Animal Health

Farmers Have to See the Benefits of BVD Status

IFA Animal Health Chairman TJ Maher said farmers have invested directly over €100m in the BVD programme since it commenced voluntarily in 2012, before becoming compulsory in 2013.

These calculations have been outlined to AHI and the Department of Agriculture,

He said the actions of suckler and dairy farmers and their investments in the BVD programme have achieved this significant milestone in having the programme approved by the Commission under the EU Animal Health Law.

However, he said targets have to be met by the end of this year, which the programme is very much on track to achieve.  There will then be an acceptance process from the EU’s perspective which will likely run to a number of months before official free status is granted.

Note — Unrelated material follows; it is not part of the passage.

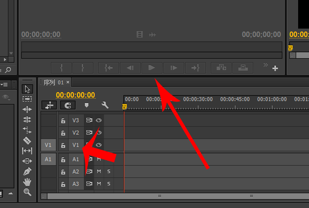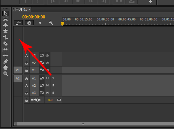 1、打开pr的工作区,然后查看“序列”面板,这时可以看到系统设置的3条音频和3条视频轨道,然后将鼠标移动至“序列”面板的上边沿,然后点击鼠标向上拖动
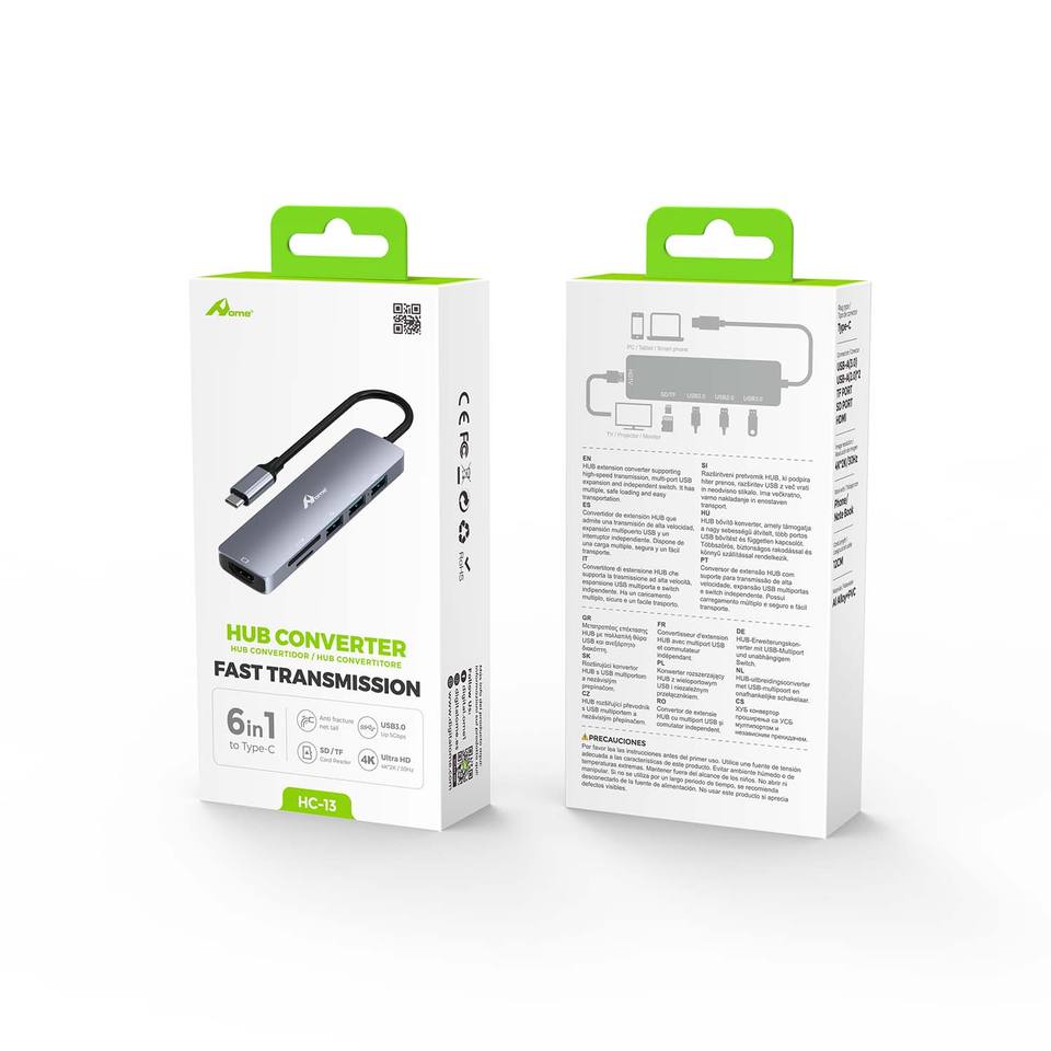 HC-13อะลูมิเนียม4พอร์ต10 in 1 5 in 1ชาร์จข้อมูลได้เร็ว USB2.0 * 2 USB3.0 * 1 SD/TF * 1 Type C สำหรับพอร์ต HDMI สำหรับพีซี

The IFA Animal Health Chairman said the substantive issue is the type of testing programme that will apply in 2023 in the first instance.  It’s likely the majority of calves will be born before free status is granted, if the targets are met by the end of this year.

TJ Maher said there is also the issue of vaccination being prohibited and only allowed in exceptional circumstances when free status is granted, which means the proof of freedom testing approach that will come into play must also provide an effective case detection tool.

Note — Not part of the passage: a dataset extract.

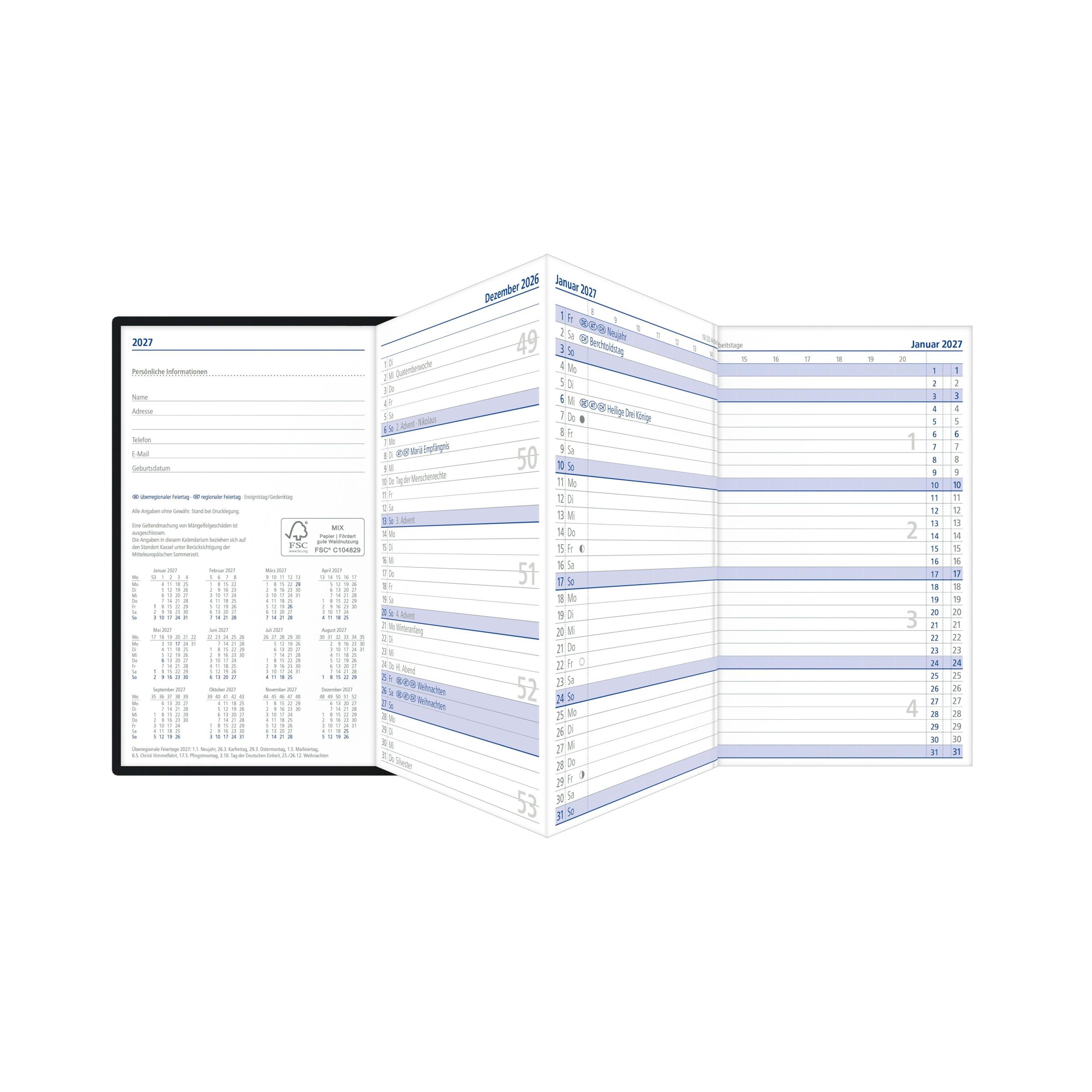 Zusatzinformationen: Mit Tages-, Wochen- und Arbeitstagezählung sowie Mondphasen

IFA has clearly set out to AHI what the next steps in this process must be.  The BVD programme, and in particular the conclusion of the programme, will be the benchmark with which AHI’s credibility will be measured by farmers.

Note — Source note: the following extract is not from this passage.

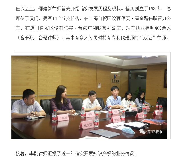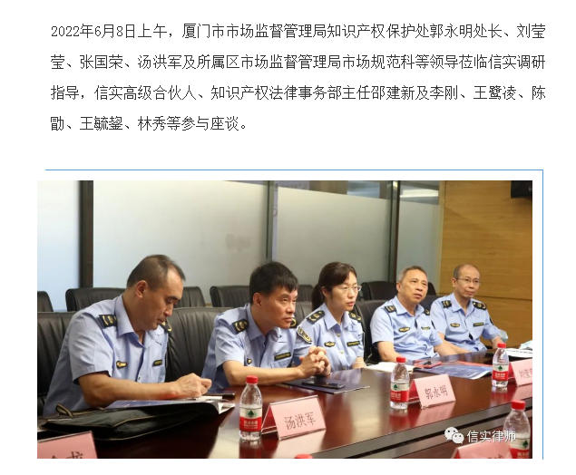 厦门市市场监督管理局知识产权保护处莅临福建信实律师事务所调研指导

He said failure to conclude the BVD programme in a satisfactory way for farmers will have long term reputational damage for AHI with farmers and it is important this is avoided.

TJ Maher said IFA have put forward the key points that must form the basis of the BVD programme from 2023 and subsequent years:

  1. The testing and surveillance from 2023 onwards, which is required to prove on-going freedom must be paid for in full by the Department of Agriculture, which is consistent with the publicly stated Department of Agriculture policy of cost and responsibility sharing in disease control. It is now time for the Department to make their contribution towards testing in this programme.
  2. The testing approach that will be implemented must provide a high level of early case detection to protect the status achieved by farmers.
  3. Where cases are found and controls imposed on farmers to avoid any further spread these farmers must be supported in full for the cost and impact of these controls.